A very legitimate source said there were cities interested in taking the Bills away from Buffalo before the team struck a deal for a new stadium.

On Wednesday, New York Gov. Kathy Hochul said via WNYC radio that cities that specifically lost teams wanted to land the Bills had there been a possibility.

She went on to indicate that San Diego was one.

“I was aware that they were being reached out to by other cities that have lost teams before. That is real,” Hochul said.

“My whole life there was talk of them going to Toronto… Buffalo is a very small market. It is quite extraordinary that they have a team at all,” she added. “Because there’s a lot more money to be had in those larger cities like San Diego and others who would love to have a team. So, that’s a reality most people probably aren’t familiar with.”

Hochul, a western New York native, would be well aware of the Toronto subject.

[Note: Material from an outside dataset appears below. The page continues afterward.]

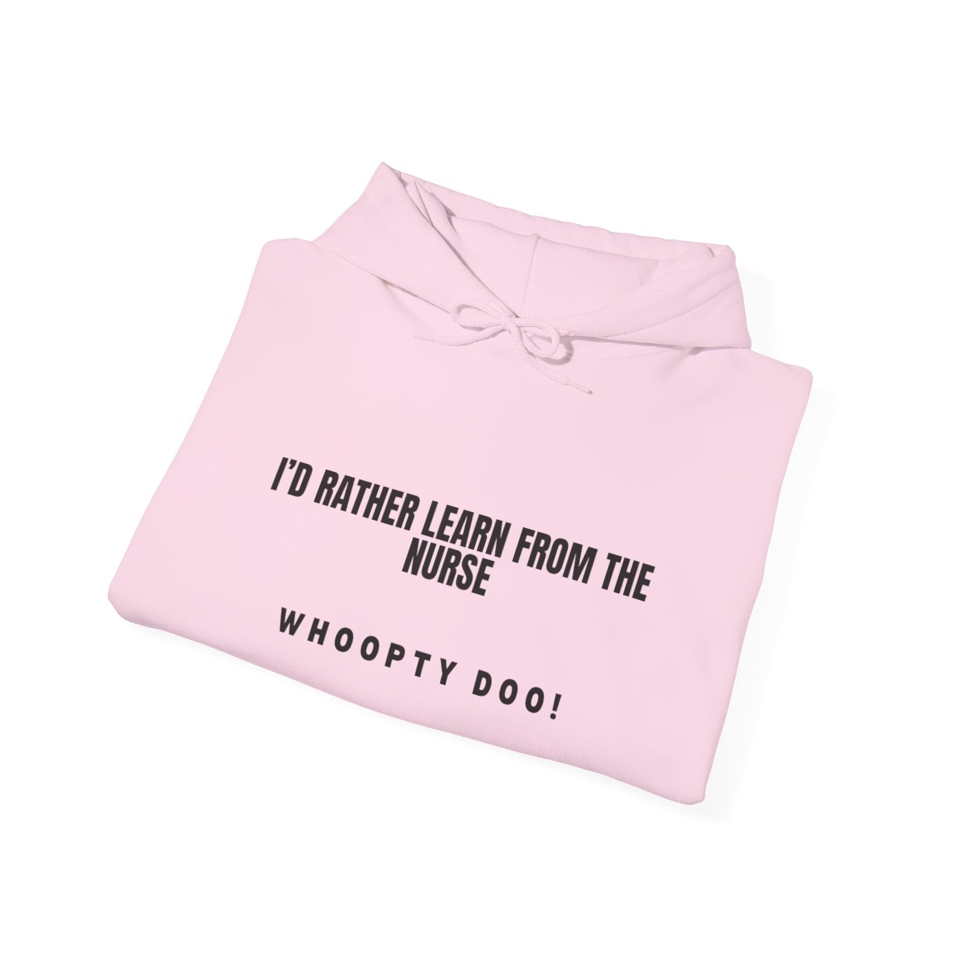 This cozy hooded sweatshirt carries a quiet, clinical wit — a soft white fleece with understated black text that reads like a knowing nod between healthcare colleagues. The relaxed fit, double-lined hood, and roomy kangaroo pocket create that lived-in comfort you reach for after a long shift. Subtle sleeve prints add a hint of personality without shouting. Lightweight enough for layering, yet warm on its own, it becomes an easy go-to for commute days, late-night study sessions, or slow mornings with coffee. It feels like the kind of garment that understands long hours and dry humor, and wears both with honesty.

On March 28, it was officially announced that a $1.4 billion venue would be built for the Bills in Orchard Park next to their current home. The team will be locked into playing there for at least 30 years and will begin in 2026.

The building will officially be an open-air stadium with about a 62,000-seating capacity.

The Bills and the NFL will front $550M for the project. The $850M total from taxpayers covers 61 percent of the total cost of construction.

Other markets that lost NFL franchises in the past include St. Louis and Oakland.


very true, and if we ever lost the Bills we would likely never get another NFL team again.

 

So glad the stadium deal got done.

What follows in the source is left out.